The Home Ownership and Equity Protection Act (HOEPA)

Home Loan Articles >> The Home Ownership and Equity Protection Act (HOEPA)
If you’re refinancing your mortgage loan or applying for a home equity installment loan, you should know about the Home Ownership and Equity Protection Act of 1994 (HOEPA). The ruling addresses specific deceptive and unjust practices in home equity borrowing.

It amends the Truth in Lending Act (TILA) and establishes requirements for certain loans with high rates and/or high fees. The rules for these loans are contained in Section 32 of Regulation Z, which implements the TILA, so the loans also are called "Section 32 Mortgages."

What Loans are Covered?
A loan is covered by the law if it meets the following:
It is a first-lien loan (the original mortgage on the property) and the annual percentage rate (APR) exceeds by more than eight percentage points the rates on Treasury securities of similar maturity.
It is a second-lien loan (a second mortgage) and the APR exceeds by more than 10 percentage points the rates in Treasury securities of comparable maturity.
The total fees and points payable by the consumer at or before closing exceed the larger of $528.00 or eight percent of the total loan amount (the %528 figure is based on numbers from 2006).
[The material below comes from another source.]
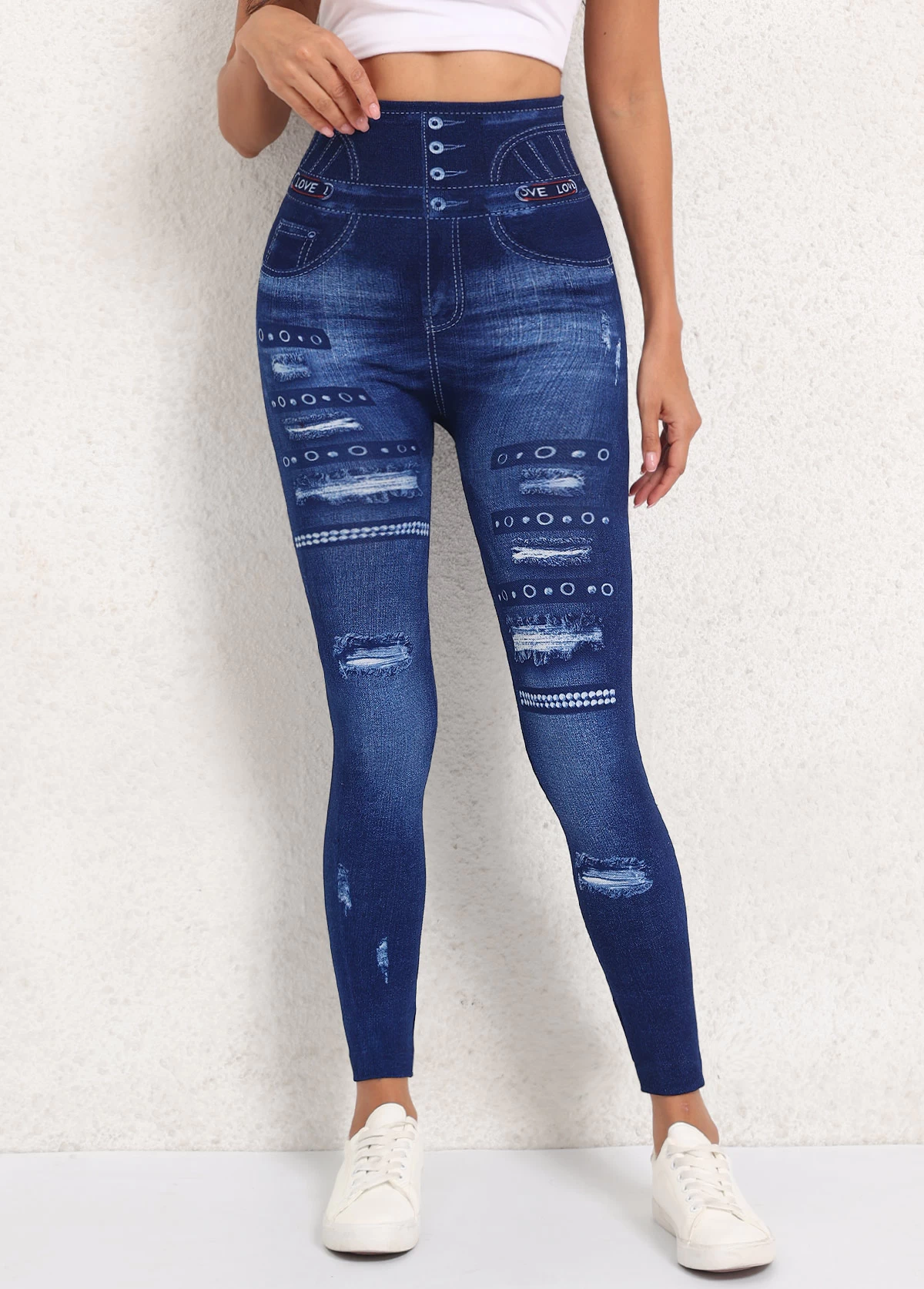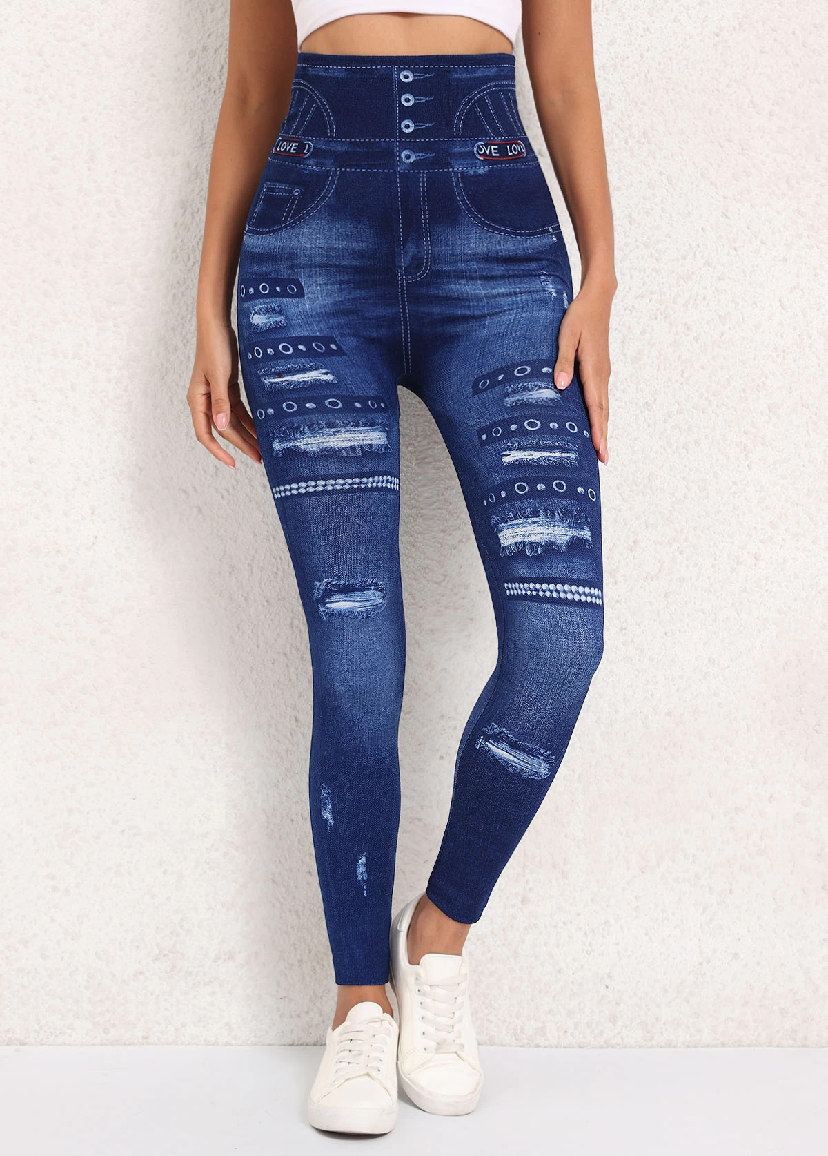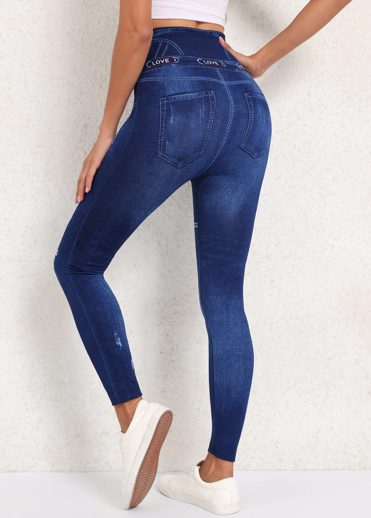 Denim Blue Denim-effect Print High Waisted Ankle Length Leggings

Credit insurance premiums for insurance written in connection with the credit transaction are counted as fees. The rules generally affect refinancing and home equity installment loans that also meet the definition of a high-rate or high-fee loan. The rules do not cover loans to build or buy your home, reverse mortgages or home equity lines of credit (similar to revolving credit accounts).

What Disclosures are Required?
The lender must give you a written notice stating that the loan need not be completed, even though you’ve signed the loan application and received the required disclosures. You have three business days to decide whether to sign the loan agreement after you receive the special Section 32 disclosures.
The notice must warn you that, because the lender will have a mortgage on your home, you could lose the residence and/or money put into it, if you fail to make payments.
The lender must disclose the APR, the normal payment amount (including any balloon payment where the law permits balloon payments, discussed below), and the loan amount (plus where the amount borrowed includes credit insurance premiums, that fact must be stated). For variable rate loans, the lender must disclose that the rate and monthly payment may increase and state the amount of the maximum monthly payment.

These disclosures are in addition to the other TILA disclosures that you must receive no later than on the day of the loan closing.

What Practices are Prohibited?
All balloon payments — where the regular payments do not fully pay off the principal balance and a lump sum payment of more than twice the amount of the regular payments is required — for loans with less than five-year terms. There is an exception for bridge loans of less than one year used by consumers to buy or build a home: In that situation, balloon payments are not prohibited.
Negative amortization, which involves smaller monthly payments that do not fully pay off the loan and that cause an increase in your total principal debt.
Default interest rates higher than pre-default rates.
Rebates of interest upon default calculated by any method less favorable than the regular method.

You might have the right to sue a lender for violations of these new requirements. In a victorious suit, you may be able to recover statutory and actual damages, court costs and attorney’s fees. In addition, a violation of the high-rate, high-fee requirements of the TILA may enable you to rescind (or cancel) the loan for up to three years.